Boston-based Liberty Mutual Group reported net income of $360 million for the three months ended March 31, 2008, an increase of $10 million over the same period in 2007.
Net written premium for the first quarter was $6.256 billion, an increase of $569 million or 10.0 percent over the same period in 2007.
The first quarter’s combined ratio before catastrophes and net incurred losses attributable to prior years was 99.1 percent, unchanged from the same period in 2007. Including the impact of catastrophes and net incurred losses attributable to prior years, the combined ratio for the first three months decreased 0.4 points to 100.7 percent.

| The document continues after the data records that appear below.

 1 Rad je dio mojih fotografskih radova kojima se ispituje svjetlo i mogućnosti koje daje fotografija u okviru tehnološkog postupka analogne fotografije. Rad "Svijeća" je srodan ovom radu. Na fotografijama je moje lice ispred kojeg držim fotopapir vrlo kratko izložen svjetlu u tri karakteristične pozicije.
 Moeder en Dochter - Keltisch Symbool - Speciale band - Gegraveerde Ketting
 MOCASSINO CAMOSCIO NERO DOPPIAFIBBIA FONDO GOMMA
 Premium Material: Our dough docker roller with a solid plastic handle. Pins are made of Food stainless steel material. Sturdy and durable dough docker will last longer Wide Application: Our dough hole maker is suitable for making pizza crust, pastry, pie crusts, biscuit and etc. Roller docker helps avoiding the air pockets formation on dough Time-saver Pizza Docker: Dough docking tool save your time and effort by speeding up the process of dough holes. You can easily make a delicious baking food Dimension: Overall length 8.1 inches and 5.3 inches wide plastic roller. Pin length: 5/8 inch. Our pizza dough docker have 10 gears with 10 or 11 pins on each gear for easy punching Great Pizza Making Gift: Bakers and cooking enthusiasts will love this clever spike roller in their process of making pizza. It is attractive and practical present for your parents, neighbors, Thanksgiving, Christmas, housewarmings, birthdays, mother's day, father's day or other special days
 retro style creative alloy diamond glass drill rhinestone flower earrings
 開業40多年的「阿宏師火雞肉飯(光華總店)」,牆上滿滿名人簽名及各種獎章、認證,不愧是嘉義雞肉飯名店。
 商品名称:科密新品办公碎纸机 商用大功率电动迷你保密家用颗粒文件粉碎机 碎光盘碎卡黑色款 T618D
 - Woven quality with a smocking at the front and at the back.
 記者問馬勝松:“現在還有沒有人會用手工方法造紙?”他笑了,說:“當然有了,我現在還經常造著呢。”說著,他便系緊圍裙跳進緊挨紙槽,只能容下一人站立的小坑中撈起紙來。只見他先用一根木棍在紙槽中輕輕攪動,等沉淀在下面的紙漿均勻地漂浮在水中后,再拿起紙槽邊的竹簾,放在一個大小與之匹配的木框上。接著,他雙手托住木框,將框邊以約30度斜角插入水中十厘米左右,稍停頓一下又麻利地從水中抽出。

“Despite significant competition, higher catastrophe losses and a global credit crisis, our results in the quarter were solid,” said Edmund F. Kelly, chairman, president and chief executive officer of Liberty Mutual. He said domestic premium growth and profitability were strong, enhanced by the acquisition of Ohio Casualty in 2007 and continued growth in international operations.
The firm’s investment results reflected “minimal exposure to sub-prime mortgages,” Kelly said.
Also in the first quarter, on January 9, the company through its Brazilian subsidiary, Liberty International Brazil Ltda., acquired Indiana Seguros, S.A., a writer of primarily auto insurance in Brazil.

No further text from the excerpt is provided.